The thing I’d flag: agent-level and skill-level taxonomy probably want to be related but not identical. An agent’s function (what it does in aggregate) and a skill’s category (what this specific capability is) are different abstractions; the same skill (say, “summarise-document”) might appear inside agents we’d classify as Research, Intelligence, or Creative. A naïve flat taxonomy at skill level risks either being too coarse to be useful or too fine-grained to be stable.

A few options worth considering:

  1. Leave taxonomy as a free-form string in v1 and let conventions emerge, with a follow-up ERC formalising it once there’s evidence of convergence.

  2. Reference an external taxonomy registry (similar to how MIME types or SPDX licenses work) so the taxonomy itself can evolve without bumping the skill ERC.

  3. Adopt a tag-set rather than a single category, since most non-trivial skills cross categories.

Happy to share what we learned classifying ~10K agents from on-chain activity - the short version is that a single-label taxonomy works for ~60% of cases and falls apart on the rest.

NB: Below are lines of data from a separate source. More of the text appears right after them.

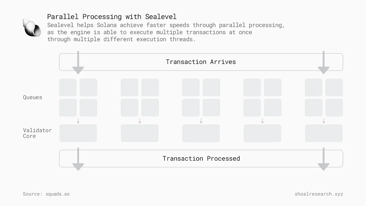 用 Rust、C、C++编写的智能合约代码会被 SVM 编译成 BPF 字节码。Sealevel 引擎是 Solana 上实现并行处理的关键组件;随着 Solana 交易中集成了状态访问列表(交易包含要访问的特定状态的详细信息),这使得不冲突的交易可以同时运行,从而实现更快的整体性能。
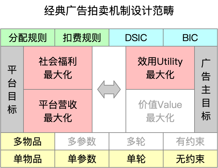 • 注意:一般的广告拍卖场景中(包括万字长文,漫谈广告技术中的拍卖机制设计(经典篇)),一般都将广告的经典机制设计范畴规约在“异质多物品、单参数、单轮和无约束”拍卖形式下(简称多物品拍卖
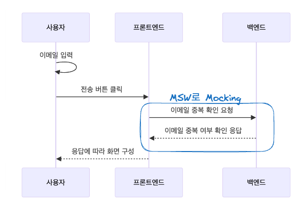 사용자 회원가입 시, 이메일 중복여부를 체크해야합니다. 이때 기존에 존재하는 이메일인지 체크하기 위해서는 백엔드 서버 API쪽에 요청을 보내 확인을 해야 합니다.
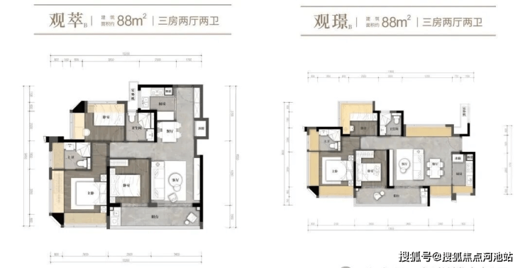 比如建面约88平观萃户型,竖厅3房2厅2卫,格局方正、动静分区,客厅+卧室出阳台。

On bramdiofeom’s question about EAS attestations

We’ve been running an output-verification pipeline in production for ~6 weeks (AHM Verify - 4-generator + critic + synthesizer, x402-priced) and the thing I’d push back on gently is the framing “should we support EAS in v1.” The more useful question is: what does an attestation need to commit to for it to be useful to a downstream consumer? Once that’s clear, EAS vs alternative attestation schemes vs custom events becomes a downstream implementation choice.

From what we’ve seen, the fields that actually matter for a skill-installation or skill-use attestation are:

  • The skill identity (you have this - SkillIdentity contract + tokenId)

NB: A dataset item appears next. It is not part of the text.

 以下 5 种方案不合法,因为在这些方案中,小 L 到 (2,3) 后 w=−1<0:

  • A reproducibility commitment (input hash, output hash, or a verifier the consumer can re-run)

  • The attestor’s identity and their stake or reputation - an attestation from a random EOA is worth less than one from an attestor with skin in the game (cf. ERC-8210 IRiskHook, which formalises this)

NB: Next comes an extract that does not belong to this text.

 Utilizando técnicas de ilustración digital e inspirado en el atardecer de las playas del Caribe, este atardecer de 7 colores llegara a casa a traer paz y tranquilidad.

  • A timestamp and a version pin (skills can change)

If the v1 attestation events carry those fields in their data payload, EAS becomes a wrapper rather than a dependency. If they don’t, EAS won’t save you.

Ryanberokmens’ point about agent capability bundles on top of L1 is also right and is the harder problem - single-skill attestations are necessary but not sufficient if real agents compose 5–20 skills per task.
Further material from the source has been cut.